본 출원을 구현하는 과정에서, 출원인은 연구를 통해 비디오에서 프레임 사이의 하위 계층 특징이 크게 변화하면 이에 대해 시맨틱 분할을 수행하여 획득한 시맨틱 태그 사이의 떨림이 크고, 그렇지 않으면 떨림이 작다는 것을 발견하였다. 본 출원 실시예에서, 딥 러닝 방법을 이용하여, 비디오에서 적어도 하나의 프레임의 특징 정보를 획득할 수 있고, 현재 프레임에 인접한 이전 키 프레임의 하위 계층 특징 및 현재 프레임의 하위 계층 특징 사이의 차이에 따라 하위 계층 특징의 변화를 결정하며, 비디오에서 프레임 사이의 떨림 상황을 분석하고, 현재 프레임 및 인접한 이전 키 프레임 하위 계층 특징 사이의 일치 정도를 계산함으로써, 하위 계층 특징 변화가 크면 태그는 떨림이 크고, 그렇지 않으면 떨림이 작으며, 따라서, 하위 계층 특징에 의해 시맨틱 태그의 떨림 정도의 회귀를 구현함으로써, 키 프레임을 자기 적응적으로 스케줄링할 수 있다.In the process of implementing this application, the applicant found that, through research, if the characteristics of the lower layer between frames in the video change significantly, the vibration between the semantic tags obtained by performing semantic segmentation is large, otherwise the vibration is small. I did. In the embodiment of the present application, by using the deep learning method, feature information of at least one frame can be obtained from a video, and the difference between the lower layer feature of the previous key frame adjacent to the current frame and the lower layer feature of the current frame is It determines the change of the lower layer feature accordingly, analyzes the shaking situation between frames in the video, and calculates the degree of correspondence between the lower layer features of the current frame and the adjacent previous key frame.If the lower layer feature change is large, the tag has a large vibration. Otherwise, the vibration is small, and thus, by implementing a regression of the degree of vibration of the semantic tag by the lower layer feature, the key frame can be self-adaptively scheduled.

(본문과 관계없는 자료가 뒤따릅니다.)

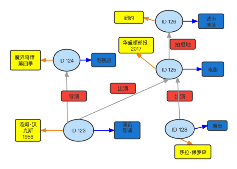其中浅蓝色椭圆表示节点,深蓝色框表示节点的标签,黄色框表示属性,红色方框表示边的类型。
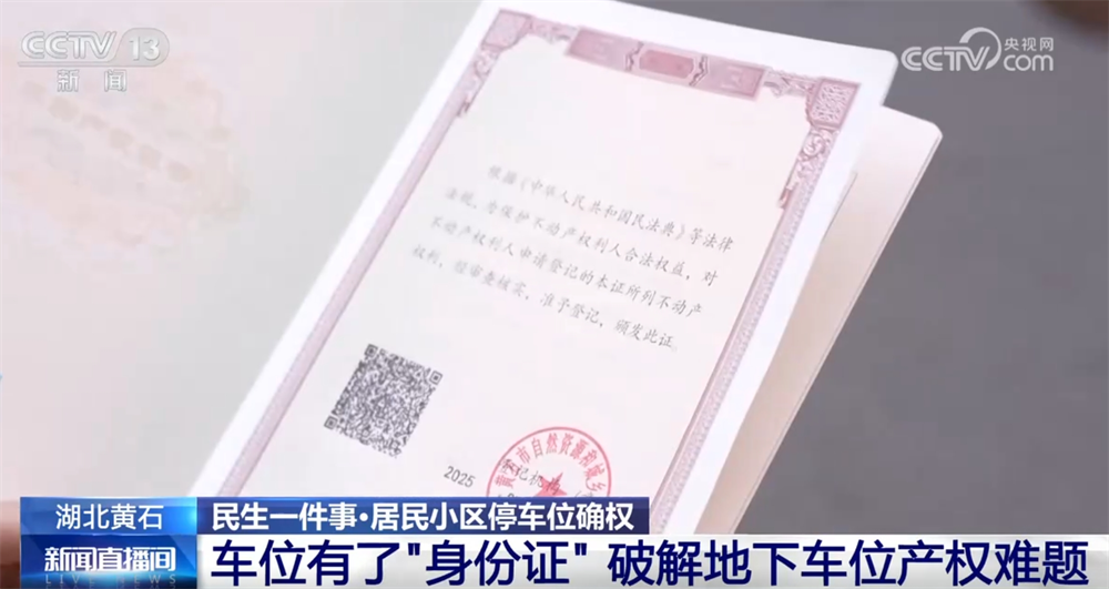 在黄石的一个老旧居民小区,市民张娜向记者展示她刚到手不久的地下车位不动产权证书。由于小区建成较早,物业几经更换,张娜花费5万多块钱买的停车位面临车位产权模糊不清的问题。如今,这本清晰地载明了车位的位置、面积等产权信息的红本本让她彻底吃下了“定心丸”。

본 출원의 상기 임의의 실시예의 선택적인 일 예에서, 단계 104 또는 단계 204는, In an optional example of any of the above embodiments of the present application, step 104 or step 204,

이전 키 프레임의 하위 계층 특징 및 현재 프레임의 하위 계층 특징을 스플라이싱하여, 스플라이싱 특징을 얻는 단계; 및Splicing the lower layer feature of the previous key frame and the lower layer feature of the current frame to obtain a splicing feature; And

키 프레임 스케줄링 네트워크를 통해, 상기 스플라이싱 특징에 기반하여 현재 프레임의 스케줄링 확률값을 획득 및 출력하는 단계를 포함할 수 있다.And obtaining and outputting a scheduling probability value of a current frame based on the splicing feature through a key frame scheduling network.

본 출원 실시예는 자율 주행 장면, 비디오 모니터링 장면, 포트레이트 분할 등 인터넷 엔터테인먼트 제품 등에 사용될 수 있으며, 예를 들어 다음과 같다.The embodiment of the present application may be used for Internet entertainment products such as autonomous driving scenes, video monitoring scenes, and portrait segmentation, for example, as follows.

1. 자율 주행의 장면에서, 본 출원 실시예를 이용하여 비디오에서의 타겟 즉 사람 및 차량을 신속하게 분할할 수 있다.1. In the scene of autonomous driving, the target in the video, that is, people and vehicles can be quickly segmented using the embodiment of the present application.

2. 비디오 모니터링 장면에서, 사람을 신속하게 분할할 수 있다. 2. In the video monitoring scene, people can be divided quickly.

3. 포트레이트 분할 등 인터넷 엔터테인먼트 제품에서, 사람을 비디오 프레임으로부터 신속하게 분할할 수 있다.3. In Internet entertainment products such as portrait segmentation, it is possible to quickly segment people from video frames.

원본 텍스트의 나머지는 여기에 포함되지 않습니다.